[TASK TO CARRY OUT] Look for the line containing "Mariage PLEVERT Jean" and the line containing "Obrigado de casamento, vocês" in the entries below. Copy those two and all lines between them exactly, leaving out pictures.

[Records from a collection]
Segment Open

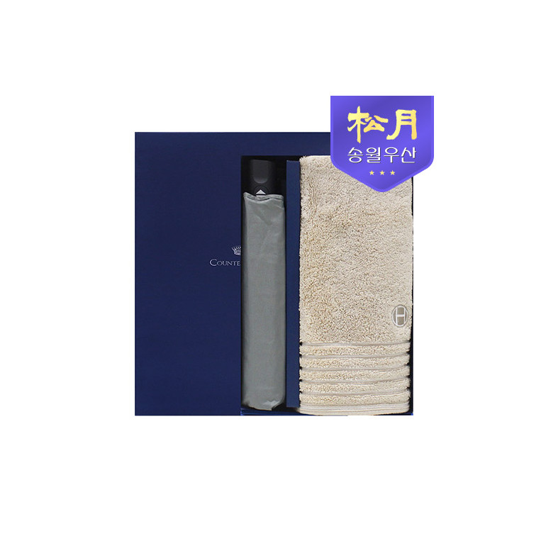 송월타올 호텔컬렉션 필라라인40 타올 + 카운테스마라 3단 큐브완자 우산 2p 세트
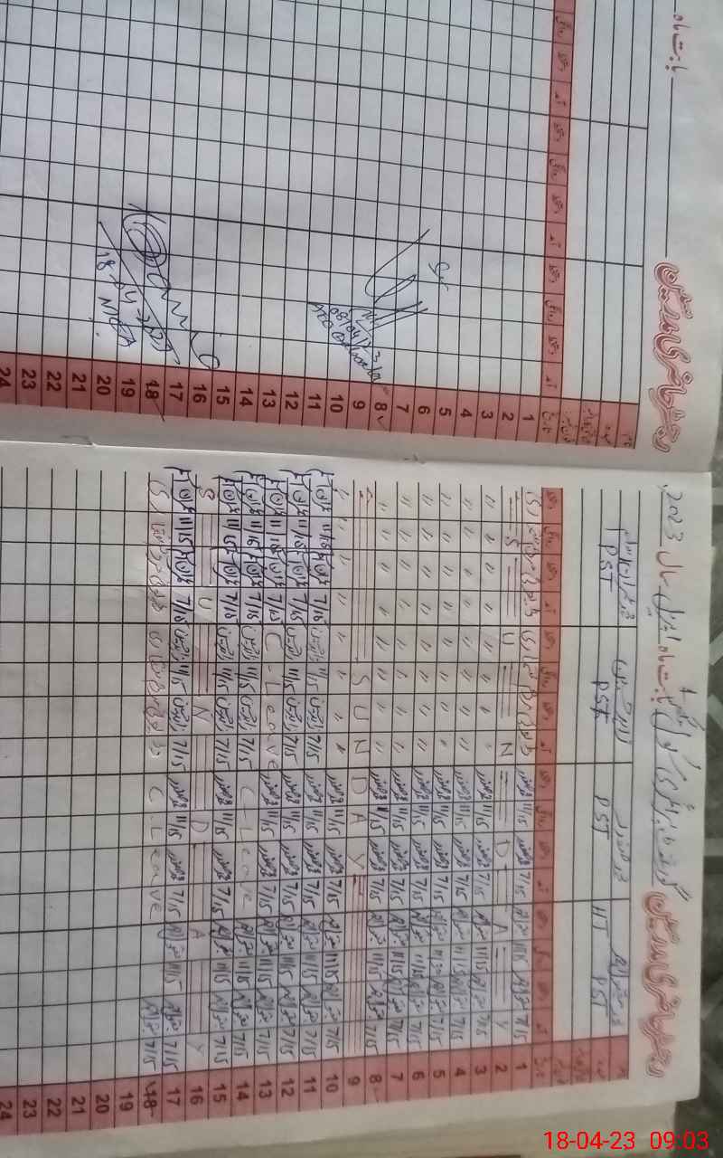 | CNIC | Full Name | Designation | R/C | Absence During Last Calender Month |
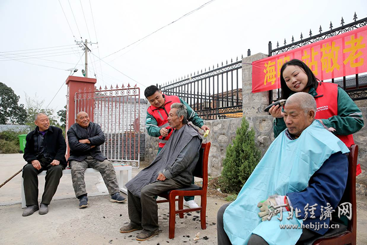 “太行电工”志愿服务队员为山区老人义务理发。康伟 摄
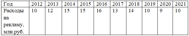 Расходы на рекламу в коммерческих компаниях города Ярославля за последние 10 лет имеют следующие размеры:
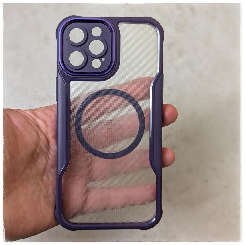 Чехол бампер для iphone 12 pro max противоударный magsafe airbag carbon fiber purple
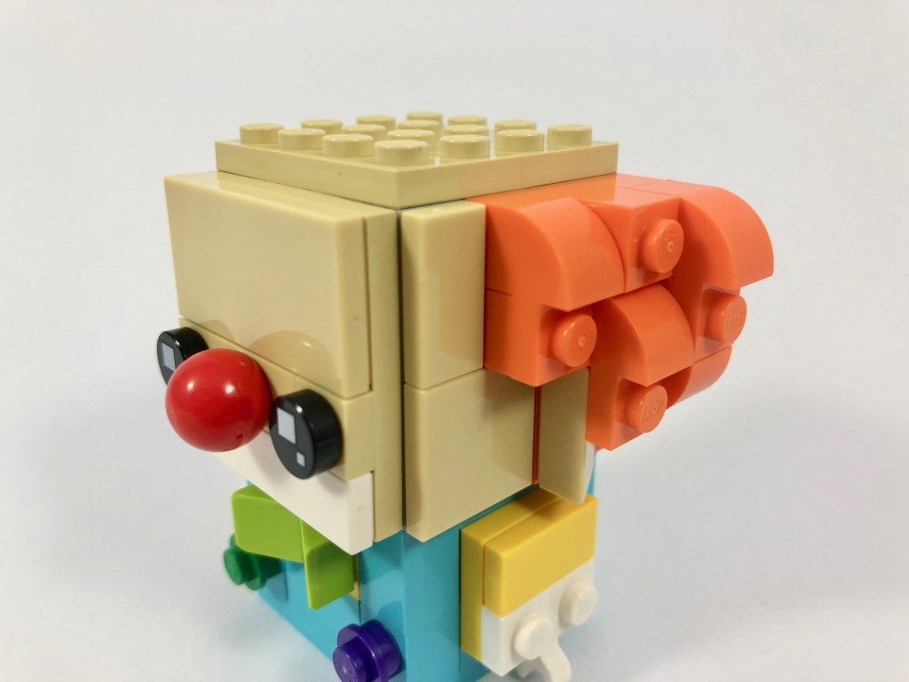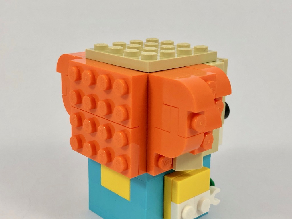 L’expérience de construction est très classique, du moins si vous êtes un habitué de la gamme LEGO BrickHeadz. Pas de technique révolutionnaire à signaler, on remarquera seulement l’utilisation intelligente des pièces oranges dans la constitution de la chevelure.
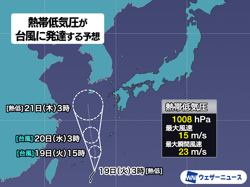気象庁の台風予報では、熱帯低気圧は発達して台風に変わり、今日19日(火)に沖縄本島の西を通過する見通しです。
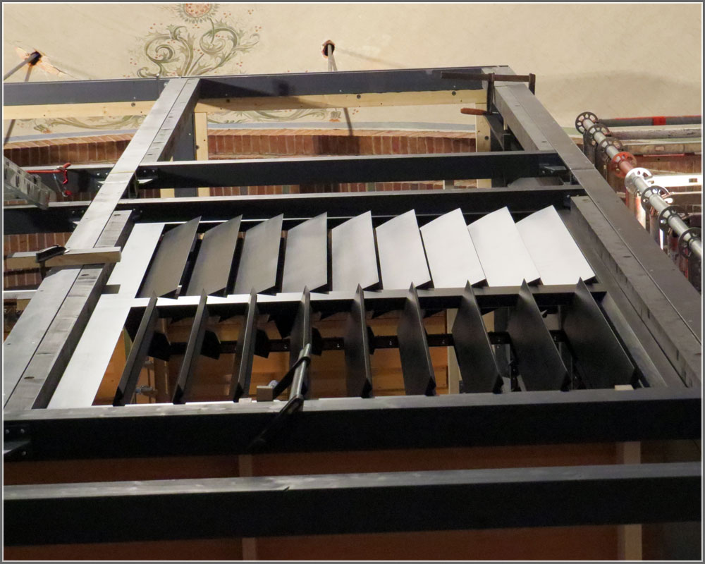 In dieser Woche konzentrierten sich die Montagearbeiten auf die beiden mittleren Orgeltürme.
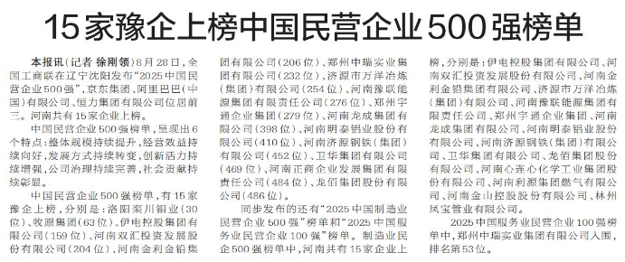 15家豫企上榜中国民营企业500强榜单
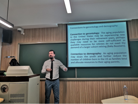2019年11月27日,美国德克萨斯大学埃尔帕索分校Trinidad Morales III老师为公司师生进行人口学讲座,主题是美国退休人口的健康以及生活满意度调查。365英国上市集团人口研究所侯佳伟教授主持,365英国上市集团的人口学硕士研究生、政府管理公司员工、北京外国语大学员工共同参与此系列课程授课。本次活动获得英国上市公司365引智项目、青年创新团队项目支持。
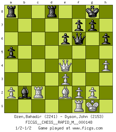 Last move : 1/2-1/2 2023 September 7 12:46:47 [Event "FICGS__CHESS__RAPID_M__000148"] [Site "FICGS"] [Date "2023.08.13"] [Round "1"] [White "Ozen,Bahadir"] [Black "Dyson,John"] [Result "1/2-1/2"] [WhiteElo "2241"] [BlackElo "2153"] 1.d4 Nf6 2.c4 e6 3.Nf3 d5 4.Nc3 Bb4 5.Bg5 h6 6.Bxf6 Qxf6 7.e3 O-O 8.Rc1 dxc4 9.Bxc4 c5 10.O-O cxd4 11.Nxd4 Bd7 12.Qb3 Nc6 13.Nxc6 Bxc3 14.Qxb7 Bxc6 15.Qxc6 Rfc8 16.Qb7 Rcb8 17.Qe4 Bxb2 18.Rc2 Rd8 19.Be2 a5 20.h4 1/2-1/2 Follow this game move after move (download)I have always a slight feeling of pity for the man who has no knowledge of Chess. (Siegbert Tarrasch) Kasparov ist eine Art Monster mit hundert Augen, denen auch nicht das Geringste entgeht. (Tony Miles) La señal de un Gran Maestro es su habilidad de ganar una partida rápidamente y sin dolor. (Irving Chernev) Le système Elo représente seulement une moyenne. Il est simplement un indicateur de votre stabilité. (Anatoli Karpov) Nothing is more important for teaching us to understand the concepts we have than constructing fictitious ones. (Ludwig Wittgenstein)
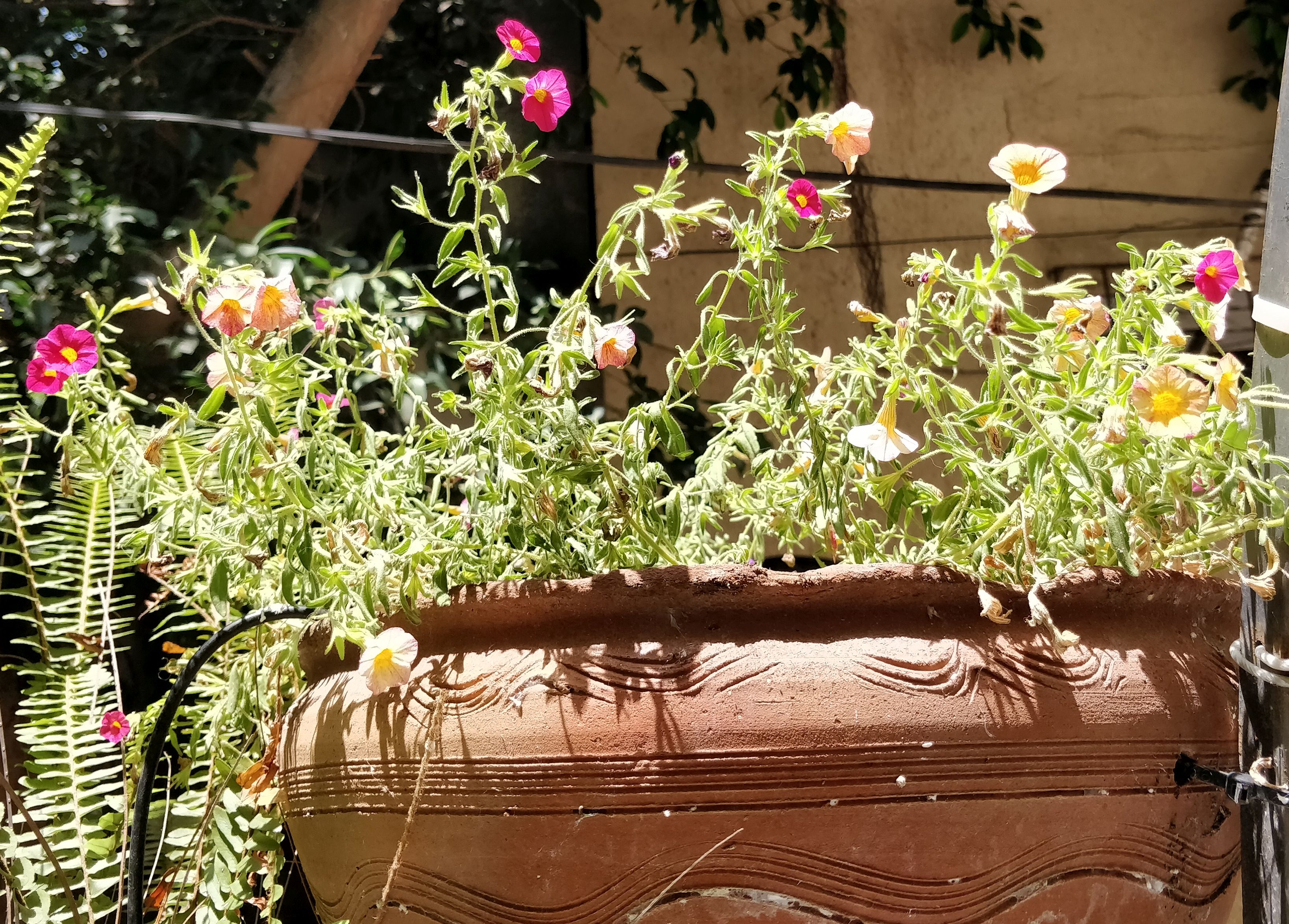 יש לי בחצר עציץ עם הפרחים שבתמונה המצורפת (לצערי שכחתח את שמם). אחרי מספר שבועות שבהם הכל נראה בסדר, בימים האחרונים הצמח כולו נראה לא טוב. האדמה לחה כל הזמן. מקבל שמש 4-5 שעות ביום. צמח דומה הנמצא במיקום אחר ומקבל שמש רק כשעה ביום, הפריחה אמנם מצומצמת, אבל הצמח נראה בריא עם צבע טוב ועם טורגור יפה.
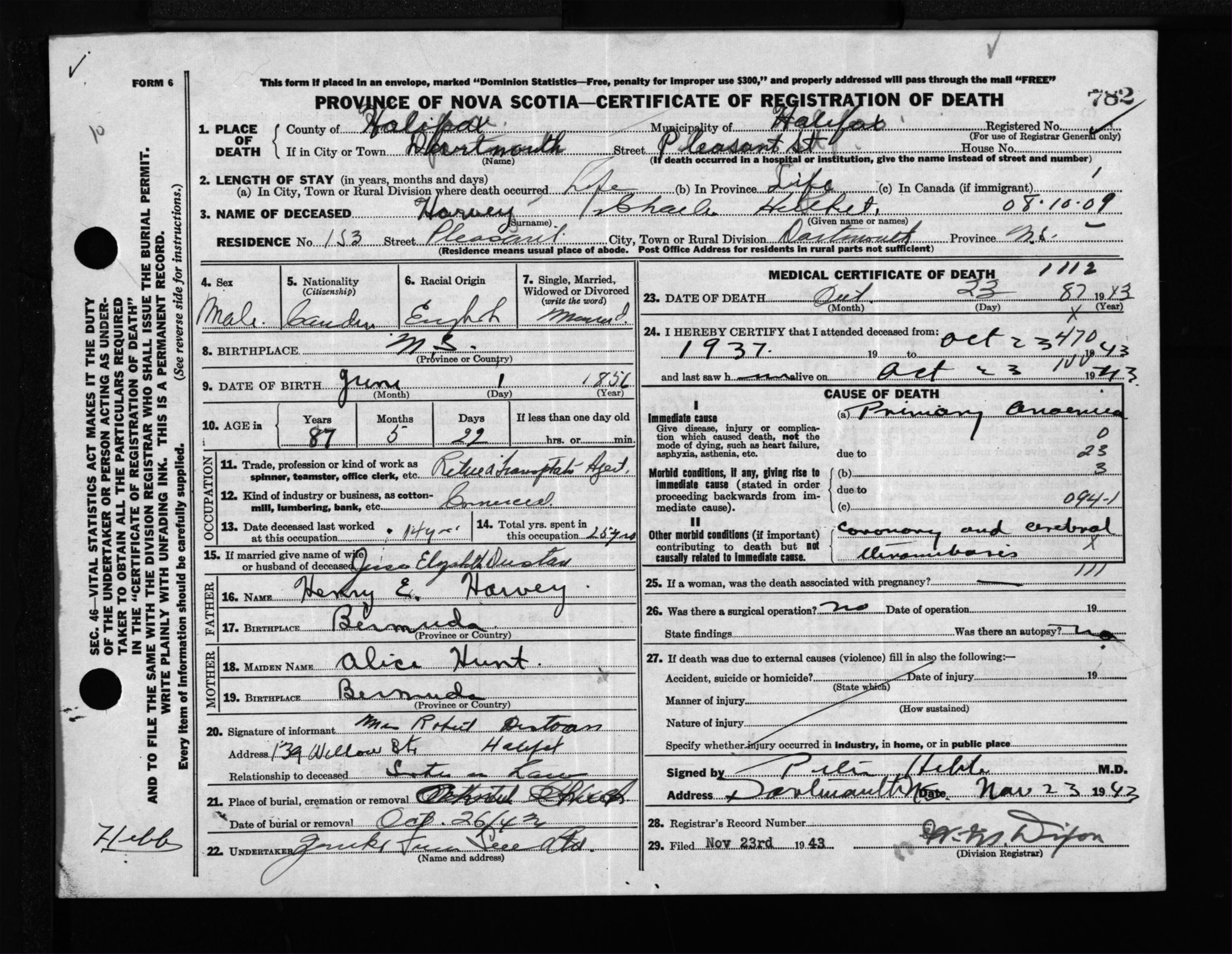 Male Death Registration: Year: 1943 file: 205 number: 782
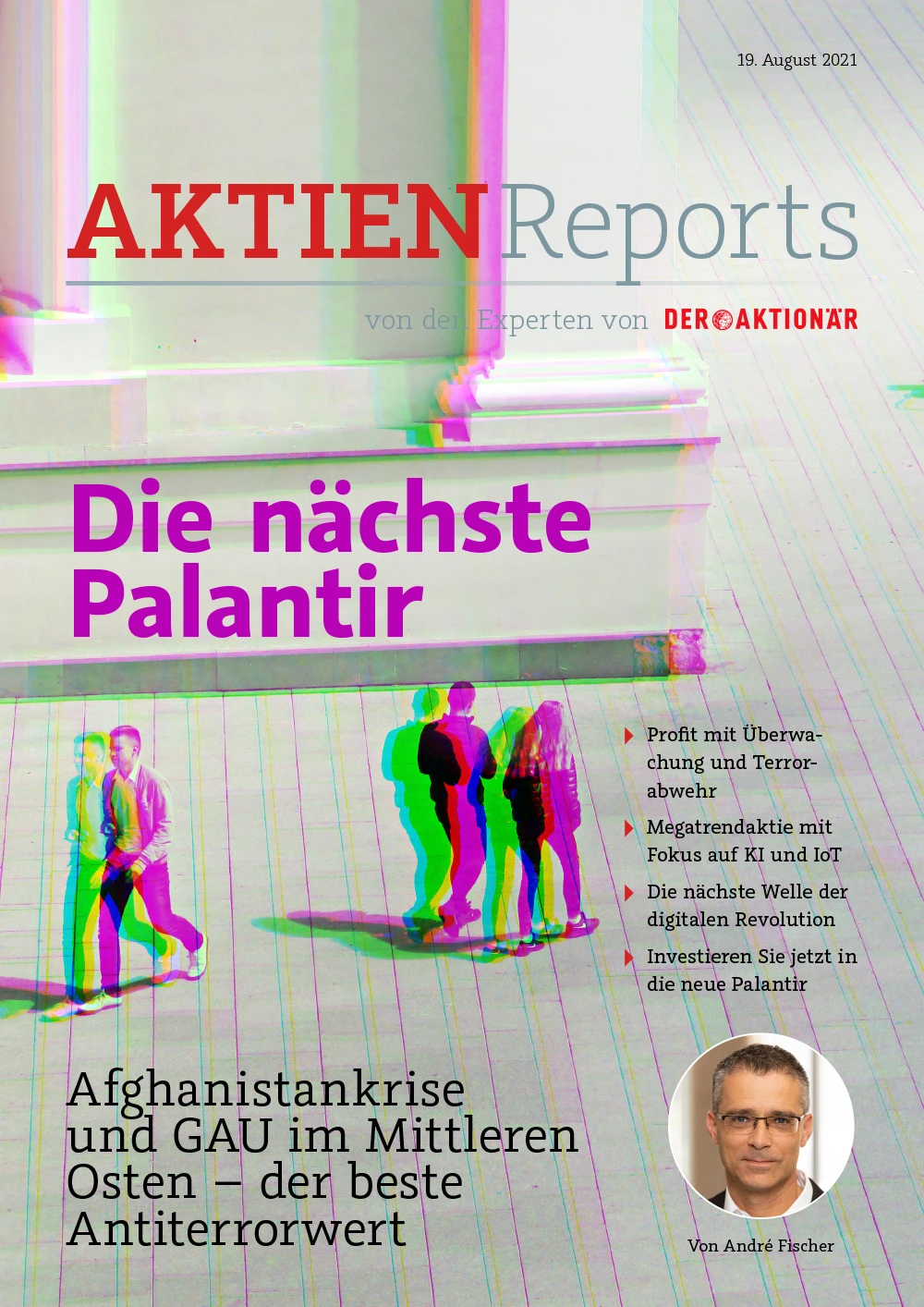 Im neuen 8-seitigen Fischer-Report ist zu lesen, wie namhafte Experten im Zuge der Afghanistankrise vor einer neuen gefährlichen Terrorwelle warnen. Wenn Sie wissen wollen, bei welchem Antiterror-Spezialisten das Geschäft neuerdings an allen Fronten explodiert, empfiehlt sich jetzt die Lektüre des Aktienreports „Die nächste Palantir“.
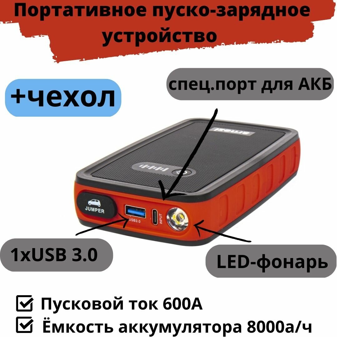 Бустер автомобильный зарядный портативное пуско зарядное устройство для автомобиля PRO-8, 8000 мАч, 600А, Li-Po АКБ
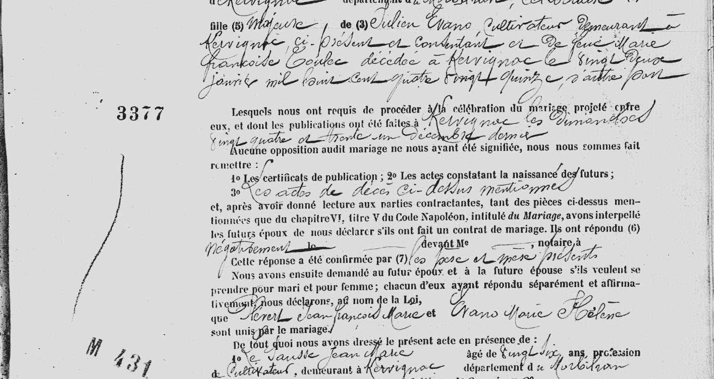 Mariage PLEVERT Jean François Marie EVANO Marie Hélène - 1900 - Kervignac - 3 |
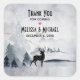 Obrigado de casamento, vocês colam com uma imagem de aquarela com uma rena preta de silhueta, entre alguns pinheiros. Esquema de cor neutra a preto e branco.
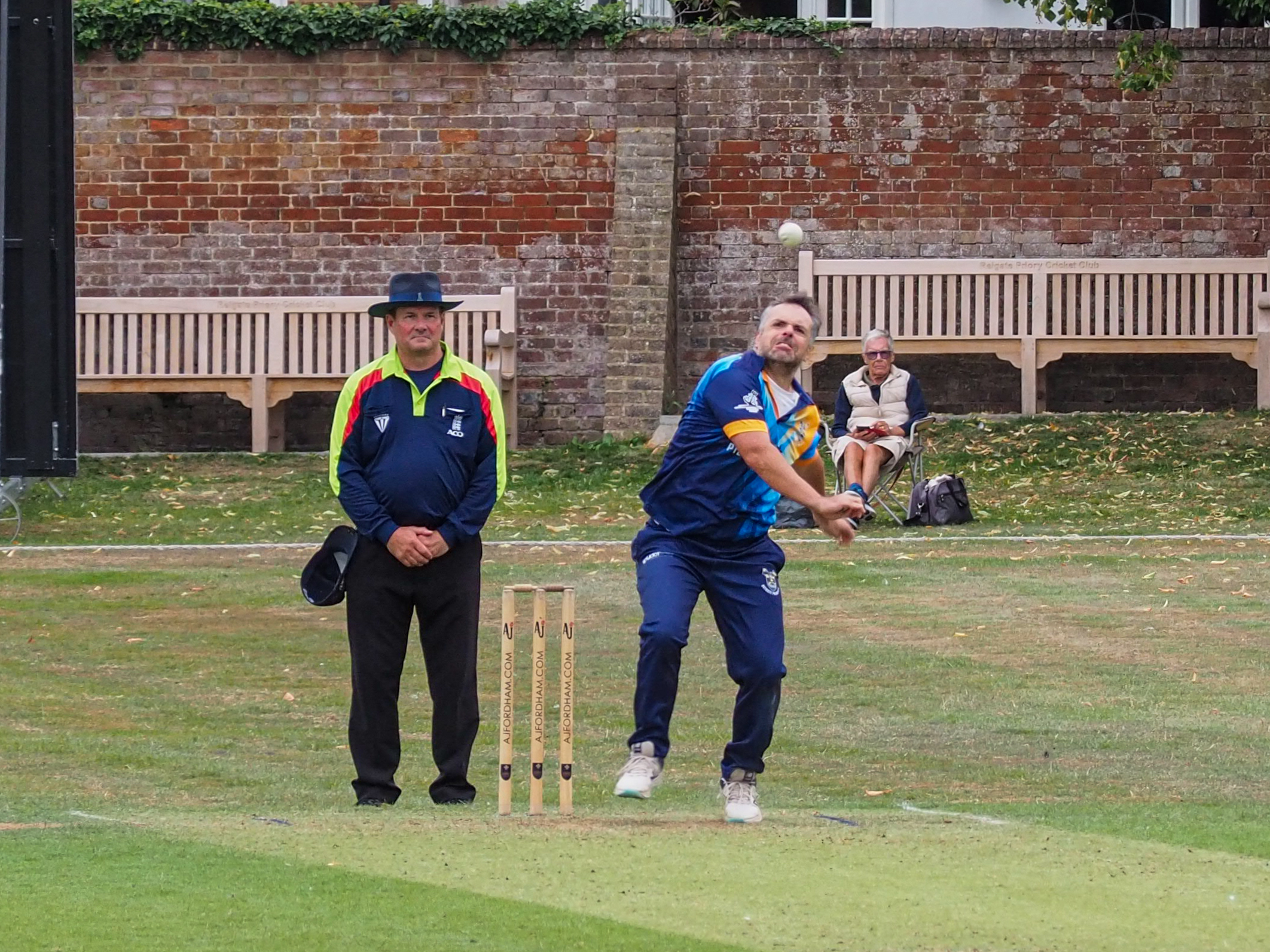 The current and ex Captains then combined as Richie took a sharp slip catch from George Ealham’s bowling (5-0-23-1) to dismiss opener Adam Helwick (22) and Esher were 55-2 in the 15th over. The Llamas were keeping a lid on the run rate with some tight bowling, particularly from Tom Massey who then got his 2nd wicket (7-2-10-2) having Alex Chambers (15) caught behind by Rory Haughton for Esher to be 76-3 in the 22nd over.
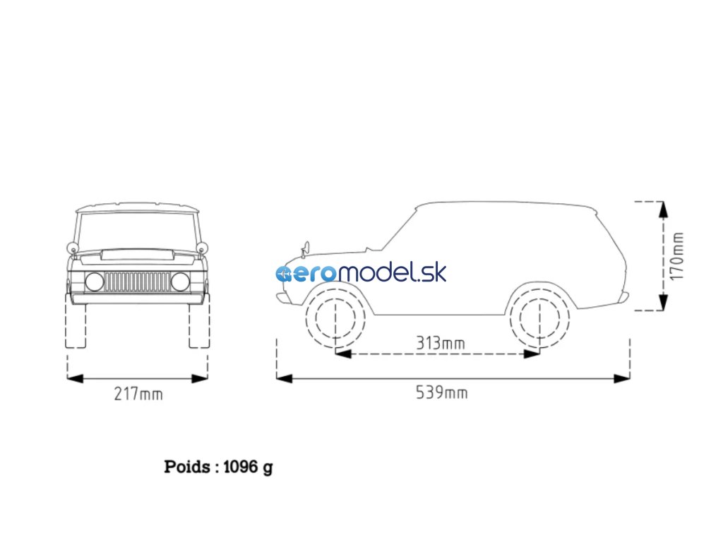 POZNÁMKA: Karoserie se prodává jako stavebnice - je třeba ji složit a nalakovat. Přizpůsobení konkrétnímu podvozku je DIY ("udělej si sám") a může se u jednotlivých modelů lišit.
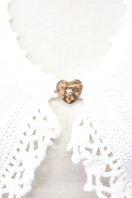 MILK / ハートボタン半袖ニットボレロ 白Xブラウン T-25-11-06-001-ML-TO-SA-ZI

Segment Closed

[TASK SOLUTION]
 Mariage PLEVERT Jean François Marie EVANO Marie Hélène - 1900 - Kervignac - 3 |
 Obrigado de casamento, vocês colam com uma imagem de aquarela com uma rena preta de silhueta, entre alguns pinheiros. Esquema de cor neutra a preto e branco.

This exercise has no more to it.